▶ _Task details_
Return the listing below unchanged, but without pictures.

▶ _Source data_
◇ ◇ ◇ ◇ ◇ ◇ ◇

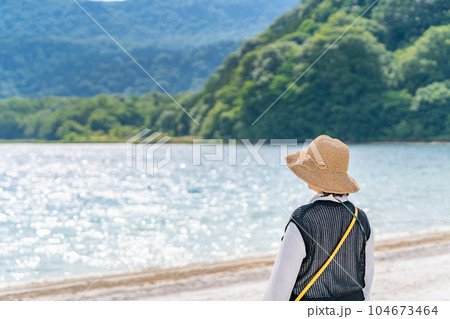 恐山 宇曽利山湖 極楽浜 佇む女性
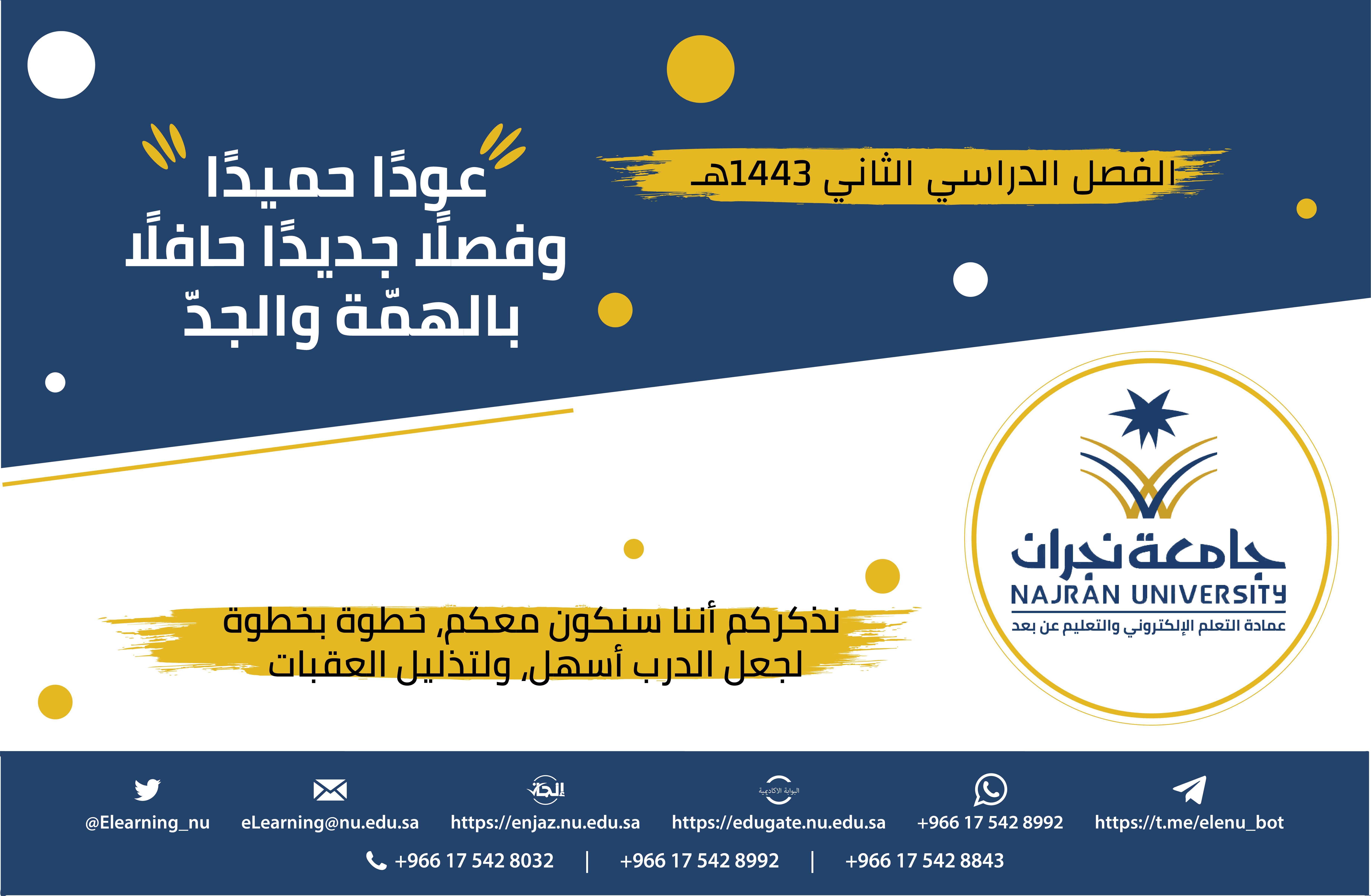 null العمادة تهنئ أبناءها الطلبة بالفصل الدراسي الثاني 1443هـ
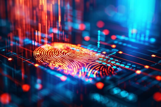 Biometric fingerprint scanning on futuristic digital interface
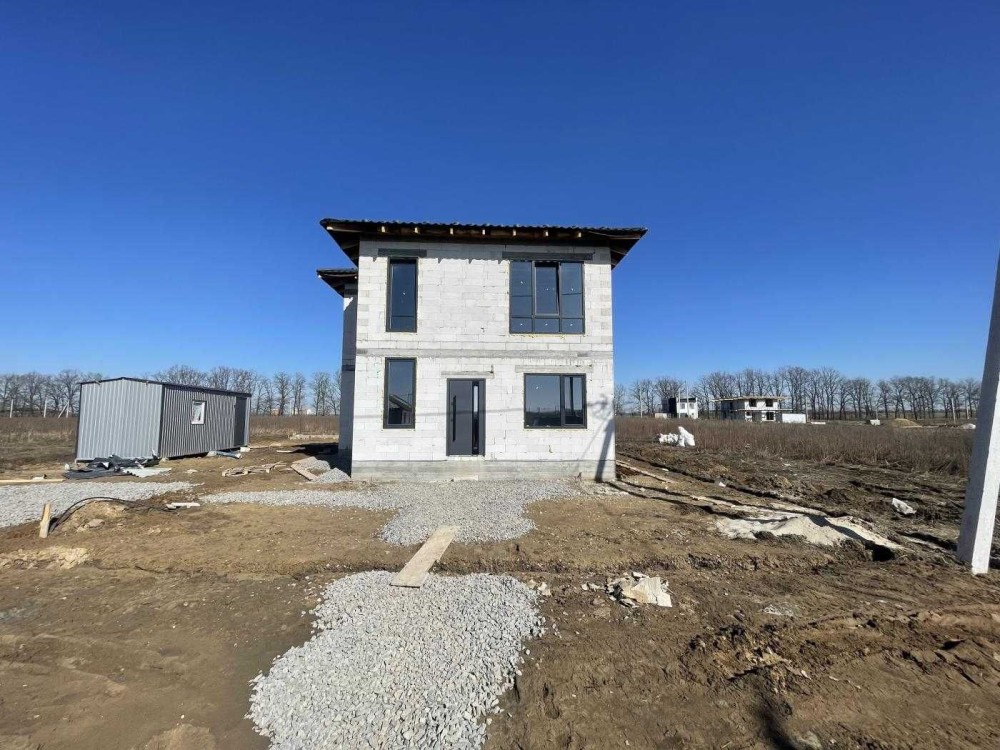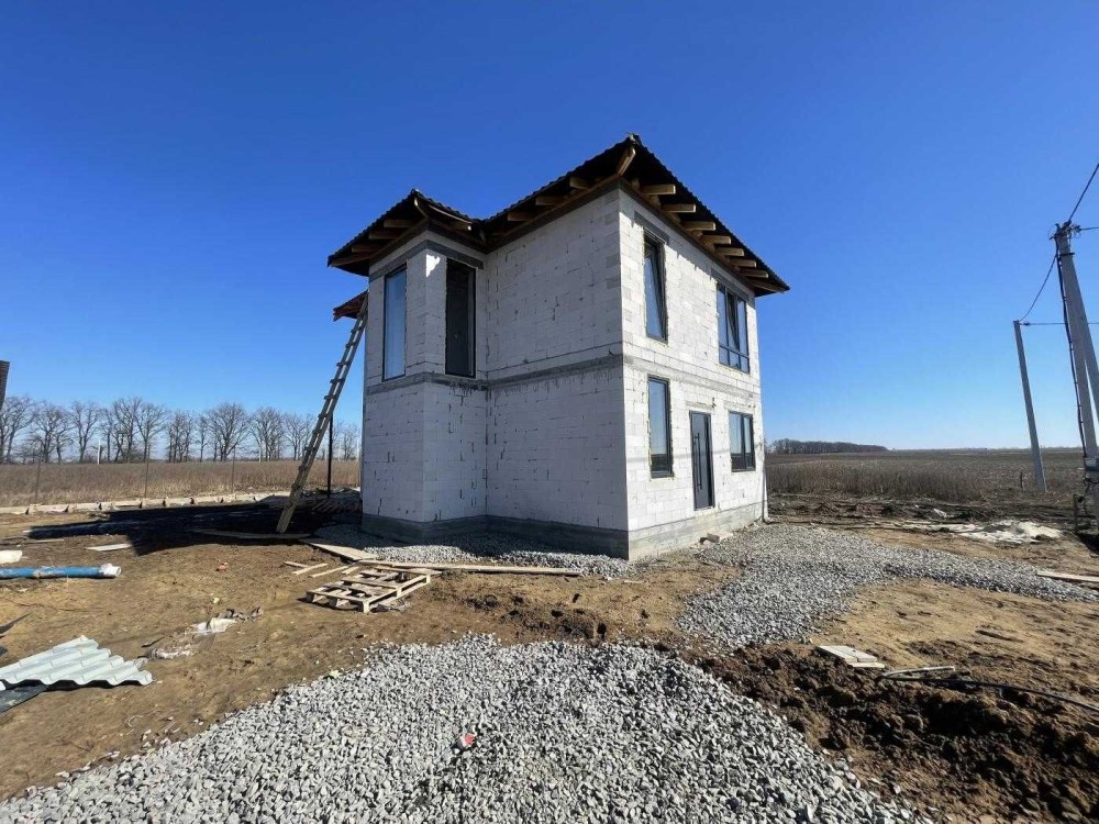 Продається сучасний двоповерховий будинок площею 120 м² на земельній ділянці 5.5 сот. Будинок знаходиться на етапі будівництва, вже наступного тижня починаються роботи по фасаду. Є можливість розтермінування.

◇ ◇ ◇ ◇ ◇ ◇ ◇

▶ _Written response_
 恐山 宇曽利山湖 極楽浜 佇む女性
 null العمادة تهنئ أبناءها الطلبة بالفصل الدراسي الثاني 1443هـ
 Biometric fingerprint scanning on futuristic digital interface
 Продається сучасний двоповерховий будинок площею 120 м² на земельній ділянці 5.5 сот. Будинок знаходиться на етапі будівництва, вже наступного тижня починаються роботи по фасаду. Є можливість розтермінування.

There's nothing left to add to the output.